That's a fully-functional XML document, but it's only an example. Today, we're going to be more systematic about what goes into an XML document, discussing all the possible parts of such documents. You'll take a look at these parts of an XML document in the coming sections:

W3C defines everything that can go into XML documents in the XML 1.0 and 1.1 specifications, right down to our starting point—the character set you use.

Character Encodings: ASCII, Unicode, and UCS

The characters in an XML document are stored using numeric codes. That can be an issue, because different character sets use different codes, which means an XML processor might have problems trying to read an XML document that uses a character set—called a character encoding—other than what it's used to.

For example, a common character encoding used by text editors is the American Standard Code for Information Interchange (ASCII). ASCII is the default for plain text files created with Windows WordPad. ASCII codes extend from 0 to 255—for example, the ASCII code for A is 65, for B is 66, and so on. So, if you stored the word cat in an XML document written in ASCII, the numbers 67, 65, and 84 are what would actually be stored. On the other hand, the World Wide Web is just that—worldwide. Plenty of character sets can't fit into the 256 characters of ASCII, such as Cyrillic, Armenian, Hebrew, Thai, Tibetan, and so on.

For that reason, W3C turned to Unicode (http://www.unicode.org), which holds 65,536 characters, not just 256 (although only about 40,000 Unicode codes are reserved at this point).
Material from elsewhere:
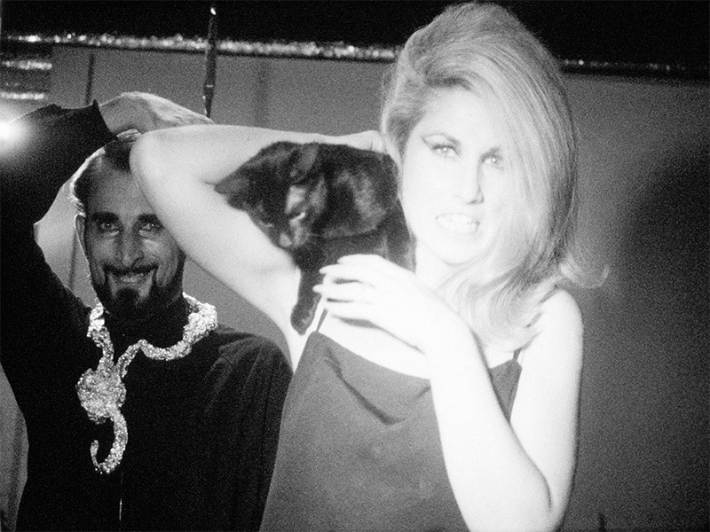 While Drink reveals, at times excruciatingly, de Antonio’s growing helplessness in the throes of alcohol’s debilitating depressant effects, Paranoia (1966) highlights the nonstop chatter of mod fashion designer and boutique proprietress Joan “Tiger” Morse, a fan of stimulants. (“Tiger did take a lot of amphetamine,” Warhol notes in POPism—as did nearly everyone mentioned in this chronicle.) So constant is Morse’s jabber that the film, a record of Factory habitués trying on clothes and fondling bibelots in Kaleidoscope, her crammed Upper East Side emporium, begins with her in mid-sentence. Rail-thin, sporting metallic eyeshadow and a bejeweled dress, Morse first assists Nico—the German enchantress and chanteuse whose collaboration with the Velvet Underground would be released the following year—with finding a vest and trousers before turning her attention to Ingrid Superstar (described by Warhol as “just an ordinarily nice-looking girl from Jersey”). “Ingrid, come up here and do a tap dance!” Morse commands, one of a string of exhortations that also includes “You do not take a Good Housekeeping seal off the merchandise.” At other times, the couturier turns more pensive: “I wanna know if the Ku Klux Klan buys their sheets by the yard or by the piece.” Morse’s nattering approaches gale-force intensity, threatening to flatten Warhol’s coterie and demolish her entire inventory.

To make things easier, the first 256 Unicode characters correspond to the ASCII character set.

There's another character encoding available that has even more space than Unicode—the Universal Character System (UCS, also called ISO 10646) uses 32 bits—two bytes—per character. This gives it a range of two billion symbols—and a good thing, too, since there are more Chinese characters alone than there is space in Unicode. UCS also encompasses the smaller Unicode character set—each Unicode character is represented by the same code in UCS, in much the same way that Unicode encompasses the smaller ASCII character set.

So which character sets are supported in XML? ASCII? Unicode? UCS? Unicode uses two bytes for each character, so a Unicode file would be twice as long as an ASCII file. For that and other reasons, it's difficult to convert much of the available software to Unicode. XML actually supports a compressed version of Unicode created by the UCS group called UCS Transformation Format-8 (UTF-8). UTF-8 includes all the ASCII codes unchanged, and uses a single byte for the most common Unicode characters. Any other Unicode characters need more than one byte (and can use up to six)—for example, the Unicode for U041F.GIF is 03C0 in hexadecimal (960 in decimal), which you need to store in two bytes.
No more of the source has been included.